Na jego produkcjach wychowali się pierwsi w Polsce fani przygodówek. Dziś przyznaje, że sam nie grał wówczas w żadne gry z tego gatunku.
Historie tych, którzy w latach 80. tworzyli polski rynek gier komputerowych, są zazwyczaj podobne: zdolne nastolatki, po lekcjach piszące na sprezentowanych przez rodziców atarynkach i spectrumnach swoje pierwsze hity; nieśmiałe próby sprzedaży tych dzieł mimo szalejącego na giełdach piractwa; wreszcie – hobby z czasem przeradzające się w pracę. Historia Rolanda Pantoły jest inna, trudniejsza.

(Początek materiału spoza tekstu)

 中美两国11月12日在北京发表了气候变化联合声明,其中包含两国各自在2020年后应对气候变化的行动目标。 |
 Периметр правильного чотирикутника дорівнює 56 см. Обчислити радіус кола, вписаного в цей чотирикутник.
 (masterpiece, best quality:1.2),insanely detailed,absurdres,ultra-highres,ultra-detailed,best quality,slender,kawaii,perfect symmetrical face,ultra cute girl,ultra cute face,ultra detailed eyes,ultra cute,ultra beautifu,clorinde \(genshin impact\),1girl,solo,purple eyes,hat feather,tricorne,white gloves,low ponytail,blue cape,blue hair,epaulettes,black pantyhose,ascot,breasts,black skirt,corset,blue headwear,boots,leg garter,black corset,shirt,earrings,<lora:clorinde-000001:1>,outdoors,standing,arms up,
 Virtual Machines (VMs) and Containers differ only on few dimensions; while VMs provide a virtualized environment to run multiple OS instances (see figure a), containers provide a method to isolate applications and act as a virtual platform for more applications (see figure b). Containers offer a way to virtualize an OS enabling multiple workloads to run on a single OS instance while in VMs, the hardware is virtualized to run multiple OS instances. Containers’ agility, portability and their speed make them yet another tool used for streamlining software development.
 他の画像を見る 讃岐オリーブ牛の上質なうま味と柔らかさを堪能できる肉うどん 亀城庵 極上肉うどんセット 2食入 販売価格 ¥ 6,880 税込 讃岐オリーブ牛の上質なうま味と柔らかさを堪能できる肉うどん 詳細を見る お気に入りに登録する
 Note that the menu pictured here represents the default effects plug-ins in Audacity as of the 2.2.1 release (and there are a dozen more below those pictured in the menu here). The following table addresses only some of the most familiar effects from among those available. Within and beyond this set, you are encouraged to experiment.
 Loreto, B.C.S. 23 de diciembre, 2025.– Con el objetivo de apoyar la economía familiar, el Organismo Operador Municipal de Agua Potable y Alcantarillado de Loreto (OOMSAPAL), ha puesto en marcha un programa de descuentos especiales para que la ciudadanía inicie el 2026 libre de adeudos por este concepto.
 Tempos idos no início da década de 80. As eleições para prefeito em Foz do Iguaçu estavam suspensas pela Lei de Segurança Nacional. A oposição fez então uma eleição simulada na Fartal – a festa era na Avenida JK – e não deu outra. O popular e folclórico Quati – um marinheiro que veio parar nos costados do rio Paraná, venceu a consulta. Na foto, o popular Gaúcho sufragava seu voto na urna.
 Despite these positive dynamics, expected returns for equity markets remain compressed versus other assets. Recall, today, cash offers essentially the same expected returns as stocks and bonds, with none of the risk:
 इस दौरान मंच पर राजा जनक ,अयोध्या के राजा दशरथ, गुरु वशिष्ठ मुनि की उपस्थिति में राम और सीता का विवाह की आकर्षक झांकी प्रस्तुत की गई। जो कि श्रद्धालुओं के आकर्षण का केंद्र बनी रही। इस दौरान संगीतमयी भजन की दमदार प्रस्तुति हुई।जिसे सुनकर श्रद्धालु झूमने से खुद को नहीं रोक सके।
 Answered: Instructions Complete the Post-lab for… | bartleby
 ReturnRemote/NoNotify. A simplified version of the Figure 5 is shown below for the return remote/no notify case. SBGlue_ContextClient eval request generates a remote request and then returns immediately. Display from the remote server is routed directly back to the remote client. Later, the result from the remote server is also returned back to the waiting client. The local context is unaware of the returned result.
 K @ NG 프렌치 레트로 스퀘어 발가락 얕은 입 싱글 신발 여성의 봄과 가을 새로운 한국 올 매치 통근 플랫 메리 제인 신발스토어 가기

„Zawiniła moja mama, bo urodziła mnie w roku 1958, gdy w Polsce o komputerach mało kto słyszał. Gdy studiowałem na kierunku Elektroniczne urządzenia cyfrowe na Politechnice Śląskiej, programy pisaliśmy na kartach perforowanych, które potem podawało się przez małe okienko panu pilnującemu cennych urządzeń typu Odra czy RIAD. On wprowadzał program do maszyny, a następnie oddawał wydruk z rezultatem. Po studiach, aby utrzymać rodzinę, założyłem warsztat rzeźbiarstwa w drewnie. Robiłem meble, półki, wieszaki, aż któregoś dnia, a były już lata 80., zobaczyłem ZX Spectrum. Postanowiłem, że muszę mieć takie cudo.” – opowiada Roland Pantoła
Choć mikrokomputer kosztował wówczas równowartość kilkunastu miesięcznych pensji, Roland Pantoła zdołał za dochody z warsztatu kupić Atari 800XL. Zmienił też zawód i został magazynierem.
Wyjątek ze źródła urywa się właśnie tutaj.